Cable / Telecom News

Intact Telecom Act evidence Parliament doesn’t intend ‘transmission line’ to include wireless: filing


By Ahmad Hathout

OTTAWA – Electricity Canada said in a filing to the nation’s highest court this month that Parliament’s refusal to amend “transmission line” under the Telecommunications Act is evidence of its belief that it does not foresee an obstacle for telecoms getting wireless access to municipal structures without CRTC jurisdiction.

Electricity Canada is opposing a Telus application for the Supreme Court of Canada to hear its argument that a lower court erred when it upheld the CRTC’s decision to decline to regulate wireless attachments on municipal structures on the basis it does not have jurisdiction. The Vancouver-based telecom, which is supported by Rogers and Bell, is arguing Parliament intended “transmission line” to encompass both wireline and wireless attachments, and that the wireless equipment in any case relies on wires to send traffic back to the network.

Electricity Canada, which represents structure owners and filed its opposition to Telus during the lower court hearing, said in its filing that wireless technology routing back to wires “adds nothing to the analysis.”

It said the distinction between the technologies was a policy choice by Parliament and does not allow for judicial intervention and that neither the CRTC nor the Federal Court of Appeal made errors in its determination to turn away Telus’s application.

A major part of its argument is grounded in the lack of movement on amending section 43 of the Telecommunications Act, which includes “transmission line” in dispute. In its argument, it said had Parliament intended for transmission line to include both wires and wireless technologies, then why didn’t it make that change when that was recommended to it by the Broadcasting and Telecommunications Legislative Review Panel?
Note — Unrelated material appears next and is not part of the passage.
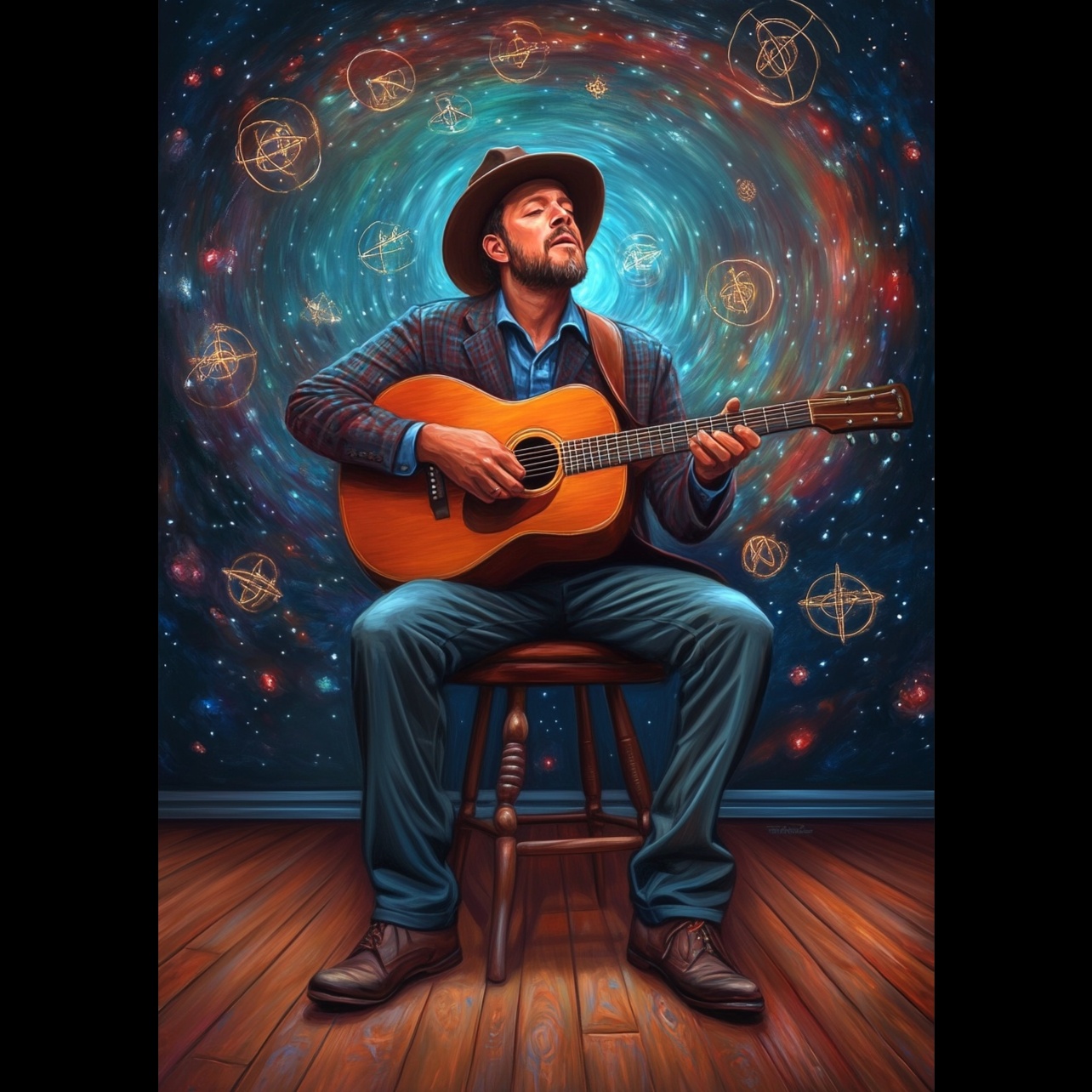 storytelling folk, fingerpicked acoustic guitar, warm baritone vocals, narrative lyrics, gentle bass, character-driven, conversational delivery, working-class tales, country folk, 6/8 time
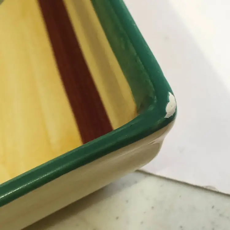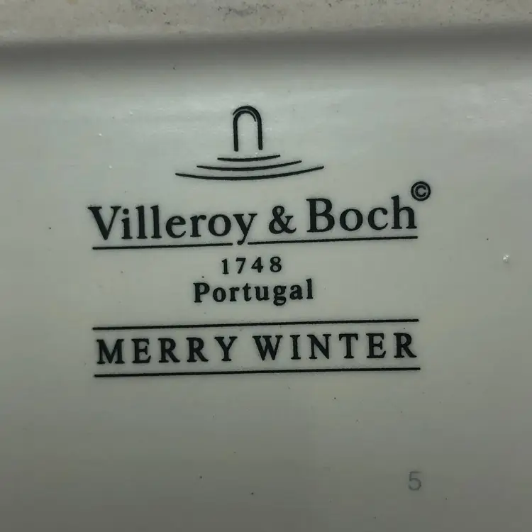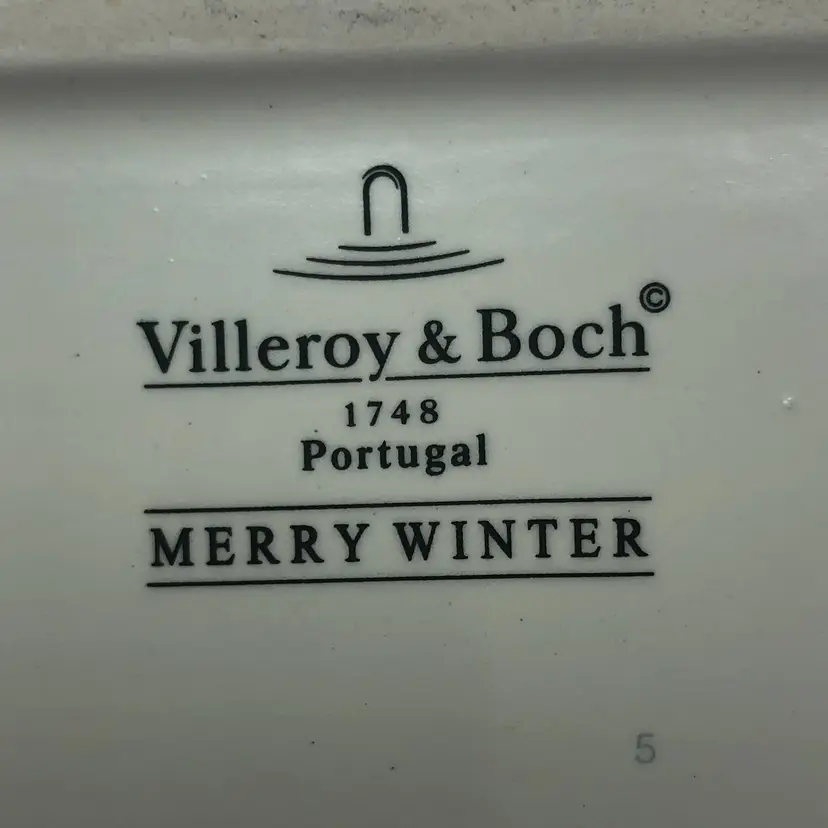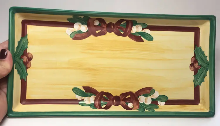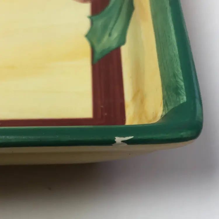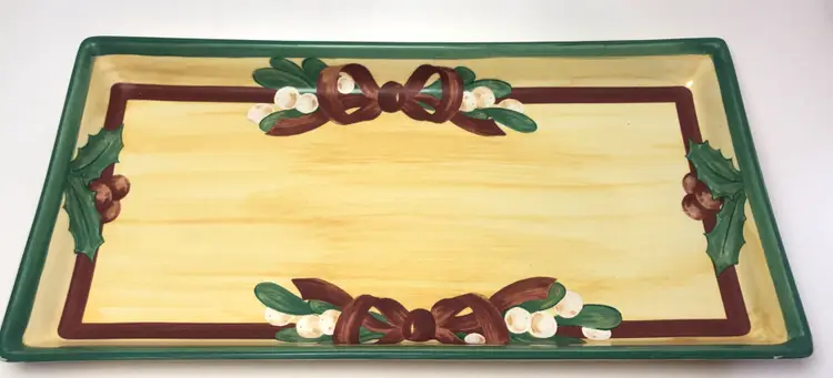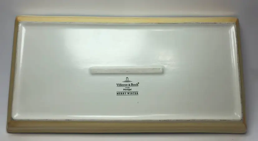 Villeroy & Boch Merry Winter Large Rectangle Sandwich Serving Tray Holly Red Ribbon Mistletoe. 13 1/4 in long x 6.5". Two small paint flakes or chips on rim as shown. No other chips, no other cracks. Christmas pattern.

To support that argument, it also points to the use of “transmission facility” – a term used to encompass more telecommunications technologies – in other areas of the legislation. This, it argues, suggests that Parliament knew of different telecom technologies at the time the legislation was being drafted.

The organization also points to the lower court not recognizing the telecoms’ “doomsday argument” – that there would be an issue with telecoms getting timely access with municipalities on access to the structures without CRTC oversight. Some telecoms have had to go to court over that access over the years.

“Essentially, the Court of Appeal found Parliament was well aware of the existence of wireless antennas when it enacted the Telecommunications Act and carefully worded the legislation to allow the CRTC to adjudicate access requests to construct, maintain and operate telecommunications wires, but not antennas,” Electricity Canada said, which is a reiteration of its argument during the lower court hearing.

Rogers said in its own submission that when Parliament enacted the Act, it had no idea of the advent of 5G technology, which requires many more small cell equipment to be attached on more structures. Telus has said that the telecoms require 250,000 to 300,000 small cells installed in these locations versus the 13,000 large towers powering the current cell network. Structures include lamp posts, traffic lights and bus shelters.

Electricity Canada pointed to a portion of the lower court’s decision, which claims that the 5G network “is no different from the traditional cell phone antennas installed on tall towers and buildings over the last decade.”

The organization added that access to this public property for wireless antenna construction “has never been adjudicated by the CRTC, regardless of the size of the antenna cell.”

The Supreme Court has yet to decide whether it will hear the matter.